Is Your Personal Information Safe with Mobile App Stores?

Privacy protection is vital for any Internet user. There is always the risk of your personal data being sold to third parties by a site’s owner, even on well-known, big-name app stores. Hence, it is essential to read and understand every store’s privacy rules. This article explains the level of user privacy each platform offers, and how well the user is informed about the way their information is shared.



Google Play is the store for Android mobile apps. According to Google’s policy, they will share personal information of companies, organizations or individuals outside Google only when the concerned individual accepts it. They require opt-in consent for sharing any personal information with third parties. However, racial or ethnic origins, political or religious affiliations, medical information, and sexuality are referred as personal information, according to their user agreement. This does not include the customer’s full name, email, and address that Google Play will reveal to external organizations!


App buyers receive no notification when their data is shared. On the other hand, the notification of sharing permission is shown in detail during the installation of Android apps. This allows you to decide whether you are happy to install the app and allow your data to be shared. An important concern on Google Play is that quality control is poor compared to many other platforms, so malicious apps can be present in the store.



Purchasing apps from the iOS App Store means buying directly from Apple. It acts as a retailer for the apps, giving the appropriate revenue share to the developer after the purchase. The advantage of this setup is that Apple does not disclose any of your personal information to the developer. The only information shared is the number of downloads.


All iOS apps have a fine level of control for permissions. If any app requires personal data, that data is only shared with the consent of the user. The permissions given by the user during installation are saved in the app’s settings. Another advantage of iOS apps is that they allow you to change permissions for each app at a later date, based on requirement.



The Windows Phone Store’s privacy policy states that Microsoft will share your personal information to “comply with the law” and “protect the rights or property of Microsoft or customers”. It does not say anything about sharing customer’s personal information with sellers or other parties. However, as all the transactions on Windows Phone Store go through Microsoft, your personal details are safe.

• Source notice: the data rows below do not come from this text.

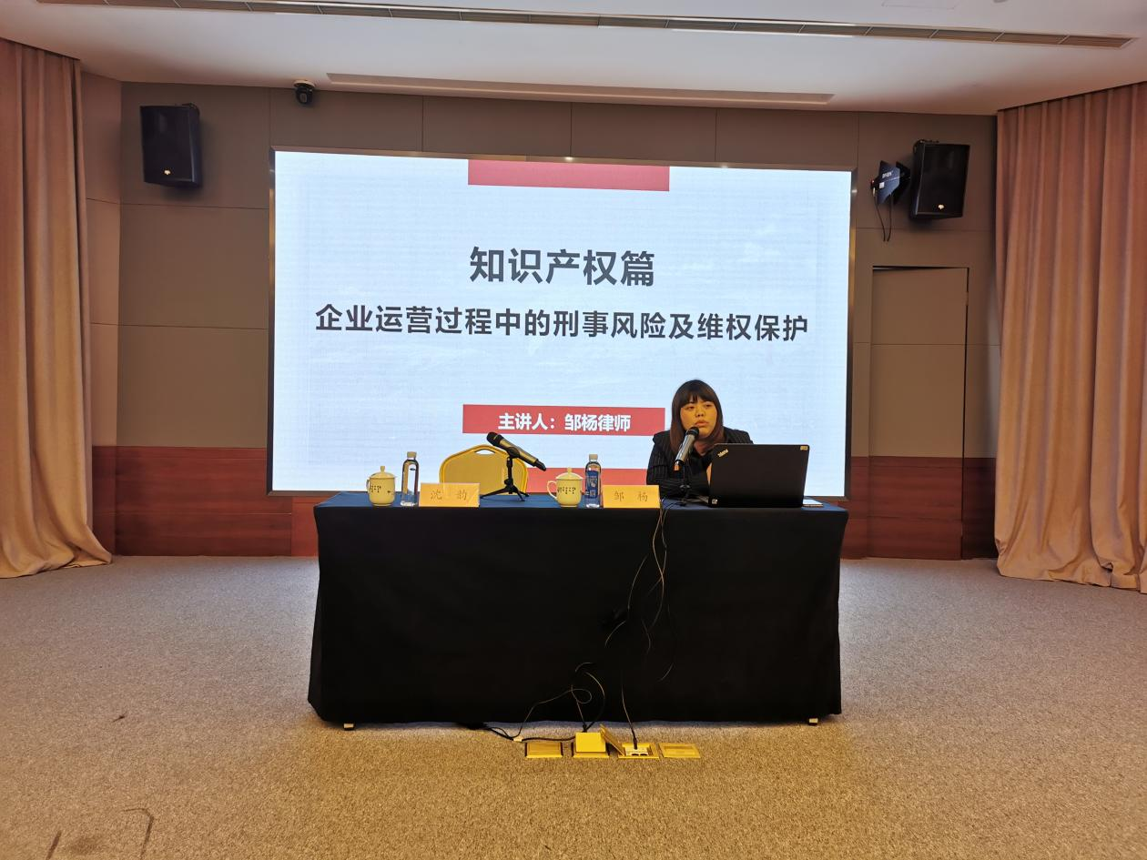 本场讲座紧跟国家实施知识产权强国战略的趋势,并充分考虑了园区企业知识产权发展水平,邀请专业人士为企业进行现场培训。嘉定区市场监督局知识产权管理科辛美华讲解了市、区两级知识产权相关政策及申报中的注意事项。随后,来自上海律宏律师事务所的邹杨律师作了“企业运营过程中的刑事风险及维权保护”专题报告,从企业防范风险、提高维权能力的角度,结合实例讲解了常见的知识产权类刑事犯罪案例和企业维护自身知识产权的措施,并就近期施行的《上海市知识产权保护条例》的具体条款进行详细阐述。整场讲座内容丰富、案例生动,企业代表踊跃提问,就自身实际问题与专家进行深入交流。
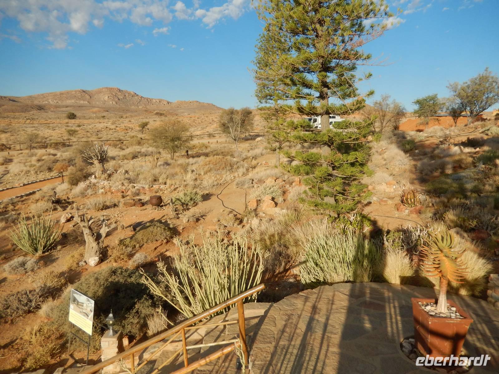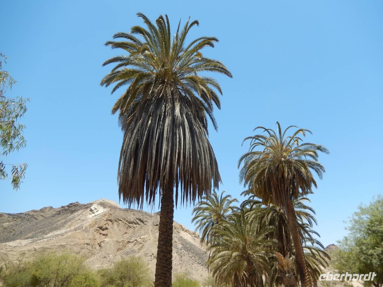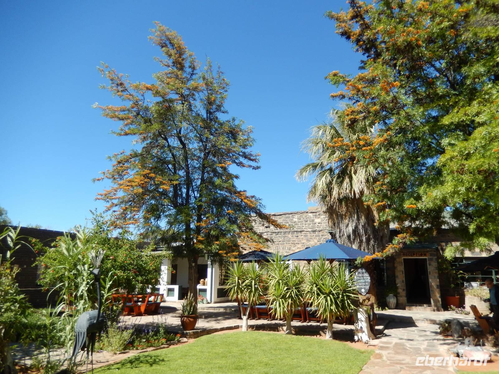 Die Mittagspause verbrachten wir in der Goanikontes-Oase im Swakoptal auf der Veranda einer netten Gaststätte. Ringsherum spendeten riesige Dattelpalmen lang ersehnten Schatten.
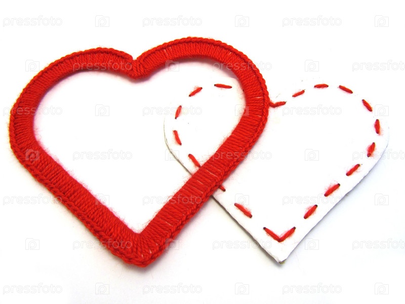 Два сердца, красное и белое на белом фоне
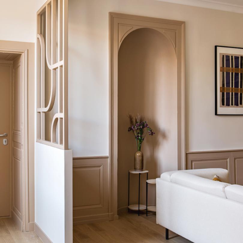 Unsere Wandfarbe wird in zwei Schichten aufgetragen. Die Anwendung unserer weißen oder getönten Grundierung sorgt für eine bessere Haftung und Haltbarkeit im Laufe der Zeit.
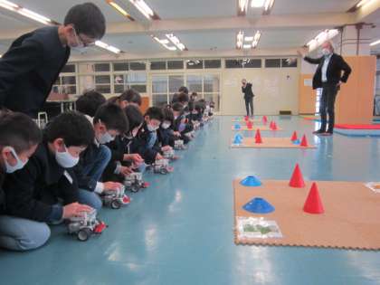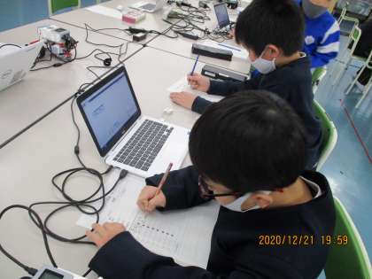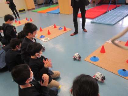 今日は3組と4組がプログラミング学習をしました。「災害被災者を救出しよう」「救出した被災者を病院に運ぼう」というミッションを遂行するために、どんなプログラムを組み立てればよいかをペアで考えました。
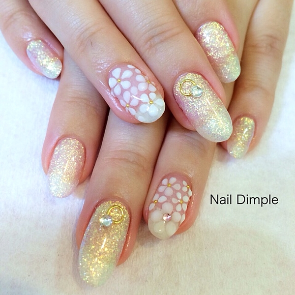 ふんわりお花の白グラデーション ブライダルにもいいですね゚.+:。(≧∇≦)ノ゚.+ キラキラスワロフスキーもステキさプラス✨ #ネイル#御茶ノ水#中央線#総武線#白#グラデーション#花#アート http://t.co/2Akhtx9n7K

In addition, Windows app policies clearly state that if personal data is accessed by an app, it must be after your consent, and the app must provide a method for you to opt out of sharing personal information. However, specific permissions are not allowed, so you may find yourself in an “all or nothing” situation.



BlackBerry 10

Blackberry’s privacy policy specifies that customer’s consent is required for Research In Motion eCommerce Inc. (RIME) to provide reasonably required payment information to the third party Merchant Of Records (MoRs), payment processors, or other entities for providing purchase and support services.

For financial transactions between vendors and customers, BlackBerry actually collaborates with two companies, Digital River and Bango, to act as merchants and be responsible for transaction processing, billing, and disbursement of revenue. While Digital River will provide reports of transactions to vendors, it does not share the personal information of end users. Unlike Android and Windows Phone 8, BB10 does have settings for permissions, so that you can change the specific permissions you give to apps, without having to uninstall the app completely.

Each company has its own definition of privacy and rules for saving private information. It is up to you to understand these privacy definitions and rules before using app stores, buying apps, and agreeing to licenses. Always read the small print!